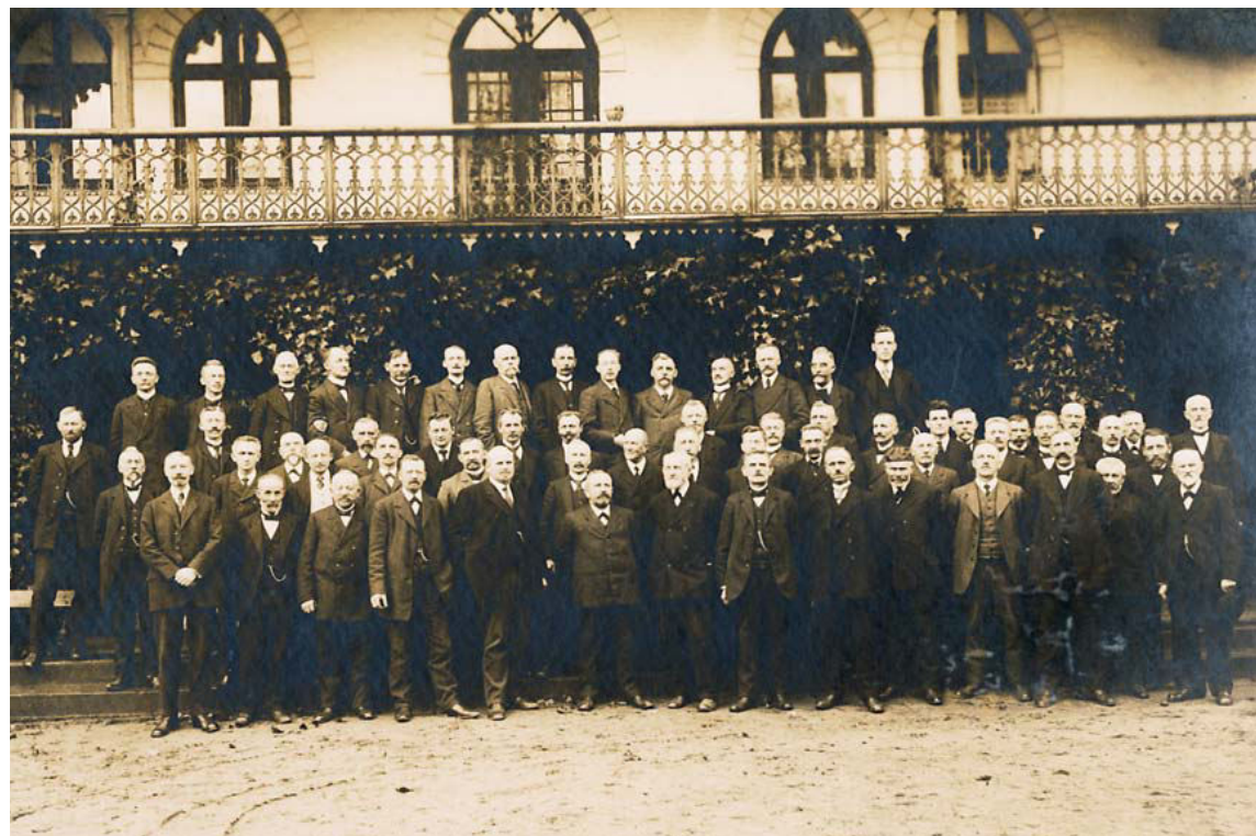
Vælgerforeningens bestyrelse og tilsynsråd i 1918 foran Folkehjem i Aabenraa. Tilsynsrådet var direkte valgt af medlemmerne og kunne derfor udtale sig med vægt på foreningens - og dermed på de danske sønderjyders - vegne.
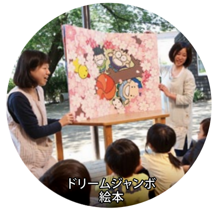
ドリームジャンボ 絵本
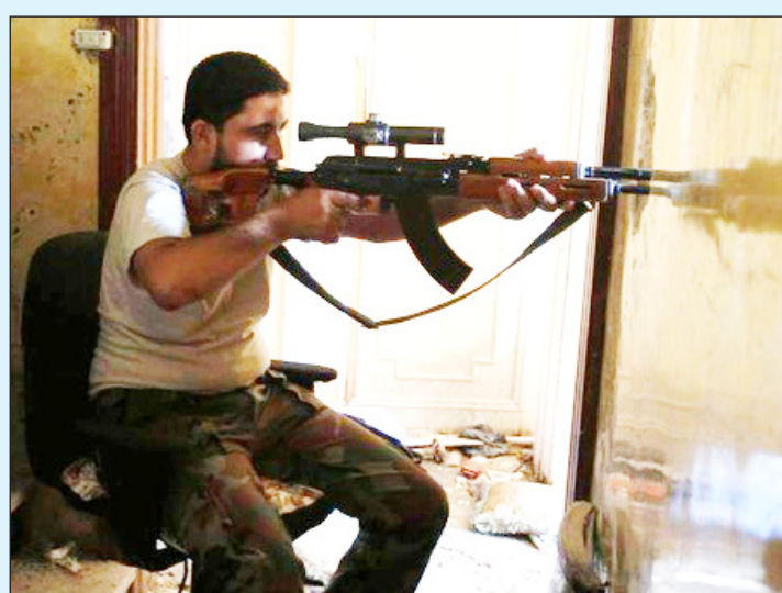
أحد عناصر مايسمى بالجهاديين في سوريا
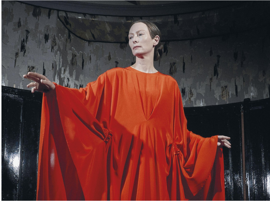
Suspiria, Lucas Guardano, 2018
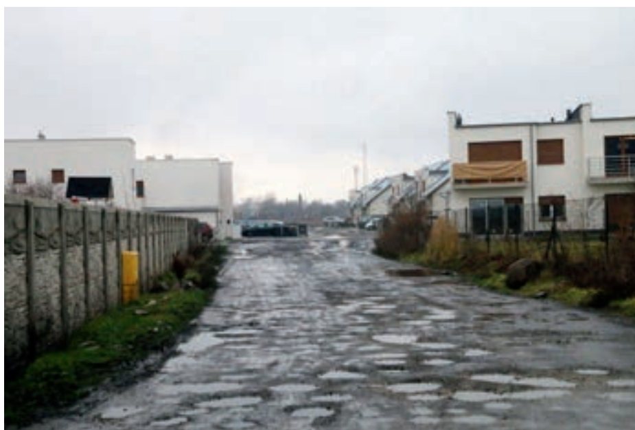
ul. Krótka w Nowych Skalmierzycach
┄┄┄┄┄┄
- [EXERCISE DETAILS]: Copy the records above exactly. Do not carry any picture into the copy.

- [TASK OUTPUT]:
Vælgerforeningens bestyrelse og tilsynsråd i 1918 foran Folkehjem i Aabenraa. Tilsynsrådet var direkte valgt af medlemmerne og kunne derfor udtale sig med vægt på foreningens - og dermed på de danske sønderjyders - vegne.
ドリームジャンボ 絵本
أحد عناصر مايسمى بالجهاديين في سوريا
Suspiria, Lucas Guardano, 2018
ul. Krótka w Nowych Skalmierzycach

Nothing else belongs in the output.